The problem:
Below this line are records; write out exactly the lines from the one containing "Oberbürgermeister Lennart Siefert" through the one containing "Neoma Sherman |", with the pictures left out.

Record set:
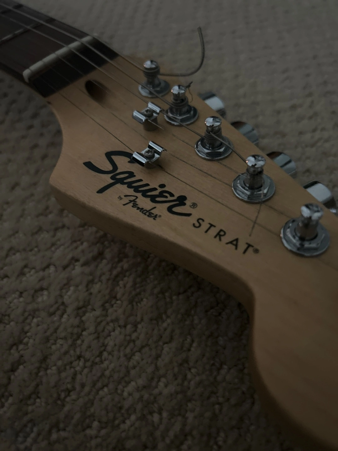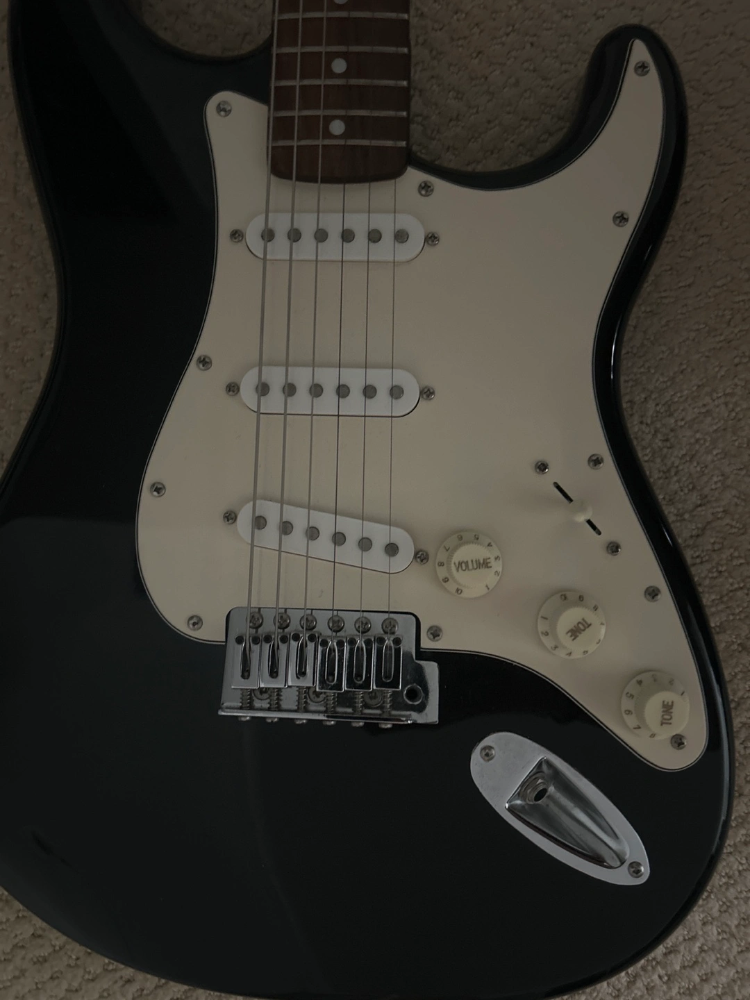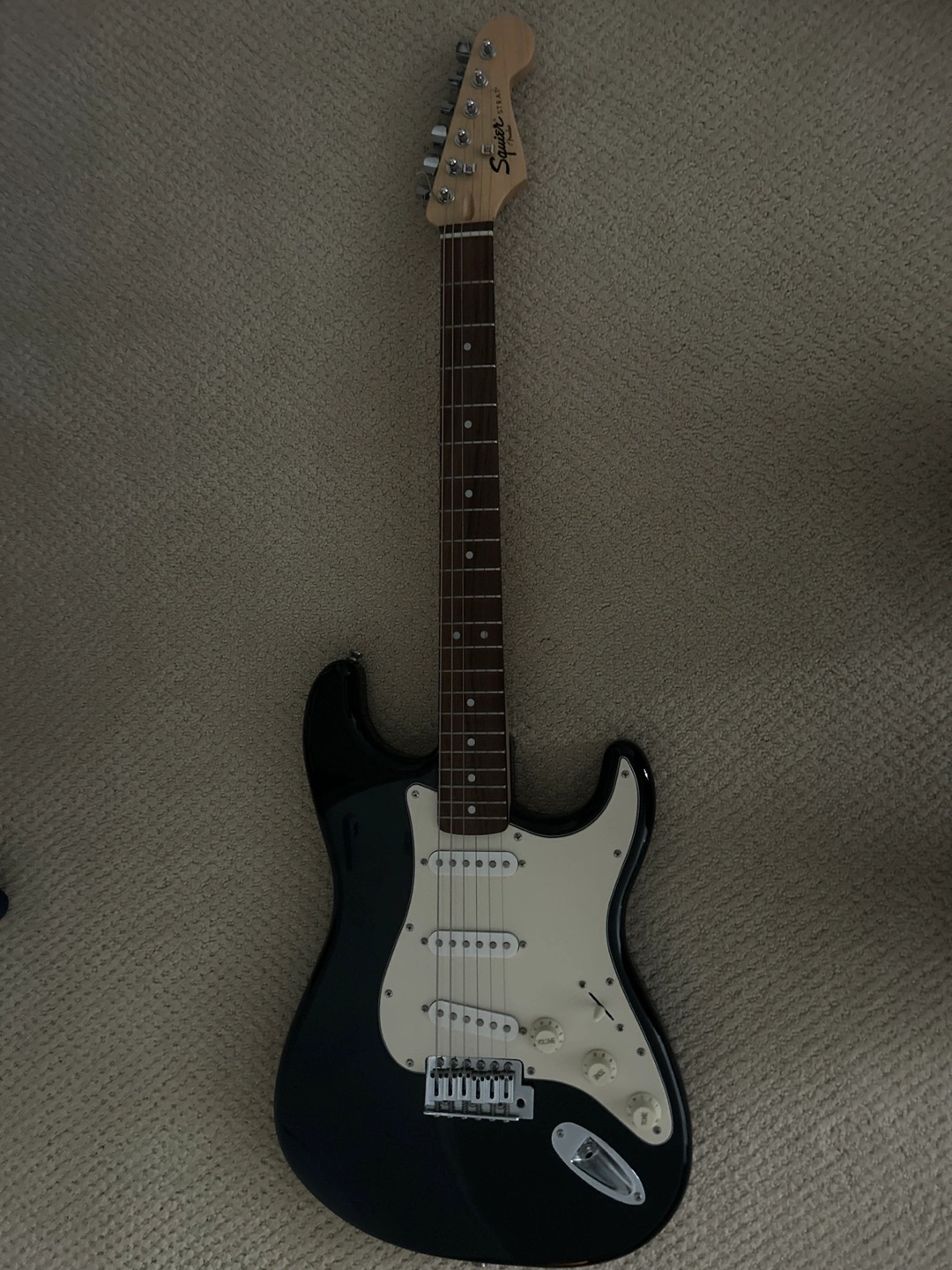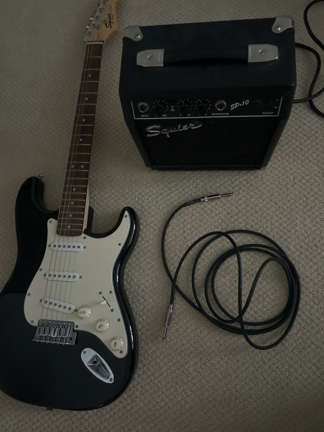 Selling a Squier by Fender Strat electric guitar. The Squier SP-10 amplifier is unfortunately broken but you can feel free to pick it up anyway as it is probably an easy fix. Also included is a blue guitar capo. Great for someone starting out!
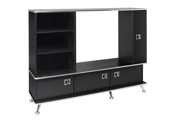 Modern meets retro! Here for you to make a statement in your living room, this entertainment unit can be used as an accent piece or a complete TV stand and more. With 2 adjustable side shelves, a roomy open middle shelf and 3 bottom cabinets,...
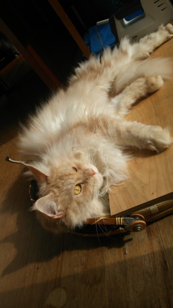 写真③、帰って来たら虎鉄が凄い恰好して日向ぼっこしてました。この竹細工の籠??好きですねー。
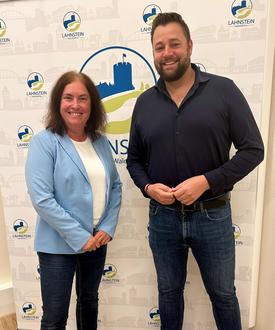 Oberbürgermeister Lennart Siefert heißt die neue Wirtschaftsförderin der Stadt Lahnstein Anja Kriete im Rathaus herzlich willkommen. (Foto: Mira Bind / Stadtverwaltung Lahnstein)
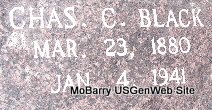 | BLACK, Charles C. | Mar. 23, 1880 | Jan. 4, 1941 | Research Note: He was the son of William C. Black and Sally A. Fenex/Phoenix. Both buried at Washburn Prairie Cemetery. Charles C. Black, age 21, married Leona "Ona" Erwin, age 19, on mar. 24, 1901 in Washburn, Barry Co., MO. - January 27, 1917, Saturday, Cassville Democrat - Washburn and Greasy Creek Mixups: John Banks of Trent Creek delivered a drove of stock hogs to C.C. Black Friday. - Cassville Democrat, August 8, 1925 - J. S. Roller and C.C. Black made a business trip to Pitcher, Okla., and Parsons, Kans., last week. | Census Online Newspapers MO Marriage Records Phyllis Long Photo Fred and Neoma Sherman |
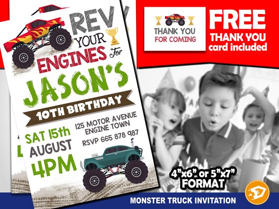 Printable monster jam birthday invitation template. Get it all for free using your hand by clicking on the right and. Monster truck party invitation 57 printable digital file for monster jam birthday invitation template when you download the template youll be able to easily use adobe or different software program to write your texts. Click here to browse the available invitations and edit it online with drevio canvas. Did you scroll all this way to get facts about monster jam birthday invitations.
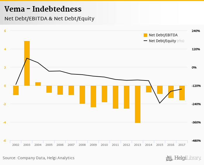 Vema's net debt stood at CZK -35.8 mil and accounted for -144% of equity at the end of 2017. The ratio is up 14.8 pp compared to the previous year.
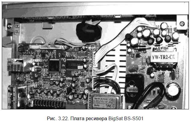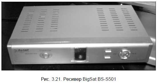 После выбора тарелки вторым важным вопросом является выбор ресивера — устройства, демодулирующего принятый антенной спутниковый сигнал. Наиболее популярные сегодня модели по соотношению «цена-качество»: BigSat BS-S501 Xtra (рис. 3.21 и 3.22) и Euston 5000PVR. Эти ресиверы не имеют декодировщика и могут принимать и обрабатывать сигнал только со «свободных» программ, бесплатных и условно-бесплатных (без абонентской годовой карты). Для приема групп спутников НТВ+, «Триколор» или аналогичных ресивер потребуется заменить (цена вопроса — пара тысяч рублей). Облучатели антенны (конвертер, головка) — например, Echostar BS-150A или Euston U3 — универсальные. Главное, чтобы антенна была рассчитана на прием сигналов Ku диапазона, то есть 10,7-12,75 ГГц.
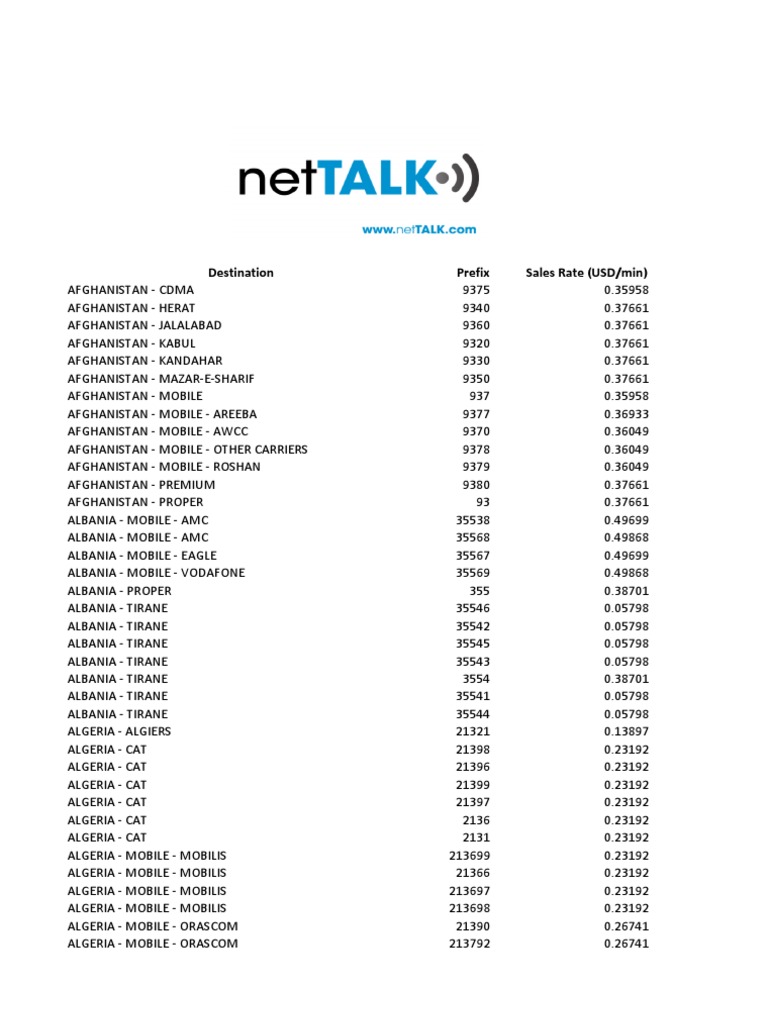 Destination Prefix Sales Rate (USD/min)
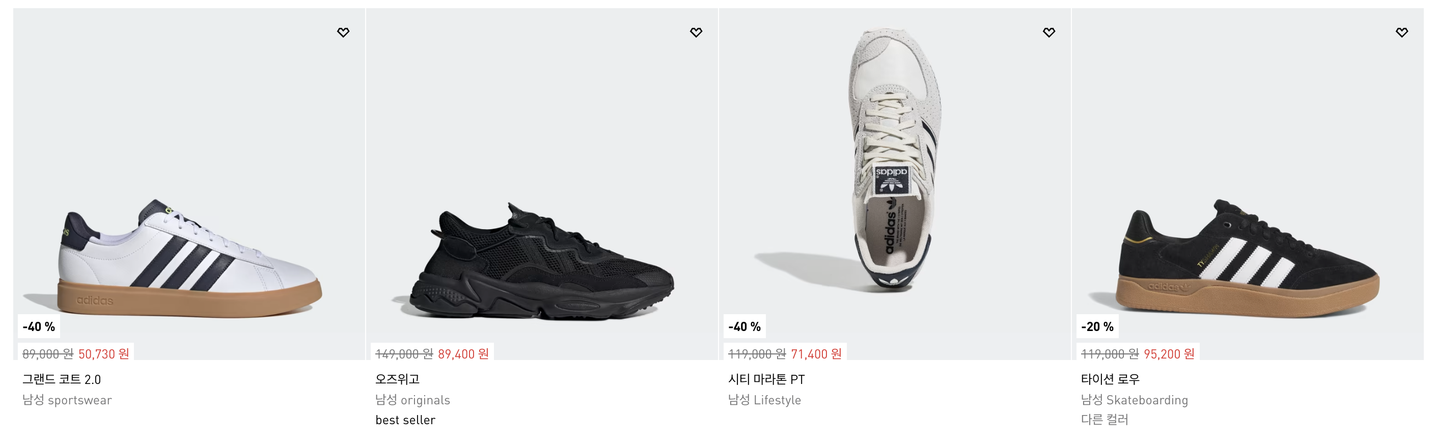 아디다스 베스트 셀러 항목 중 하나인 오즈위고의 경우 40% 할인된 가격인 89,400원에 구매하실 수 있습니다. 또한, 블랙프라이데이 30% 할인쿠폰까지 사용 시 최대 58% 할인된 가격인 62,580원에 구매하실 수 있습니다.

Exercise result:
 Oberbürgermeister Lennart Siefert heißt die neue Wirtschaftsförderin der Stadt Lahnstein Anja Kriete im Rathaus herzlich willkommen. (Foto: Mira Bind / Stadtverwaltung Lahnstein)
 | BLACK, Charles C. | Mar. 23, 1880 | Jan. 4, 1941 | Research Note: He was the son of William C. Black and Sally A. Fenex/Phoenix. Both buried at Washburn Prairie Cemetery. Charles C. Black, age 21, married Leona "Ona" Erwin, age 19, on mar. 24, 1901 in Washburn, Barry Co., MO. - January 27, 1917, Saturday, Cassville Democrat - Washburn and Greasy Creek Mixups: John Banks of Trent Creek delivered a drove of stock hogs to C.C. Black Friday. - Cassville Democrat, August 8, 1925 - J. S. Roller and C.C. Black made a business trip to Pitcher, Okla., and Parsons, Kans., last week. | Census Online Newspapers MO Marriage Records Phyllis Long Photo Fred and Neoma Sherman |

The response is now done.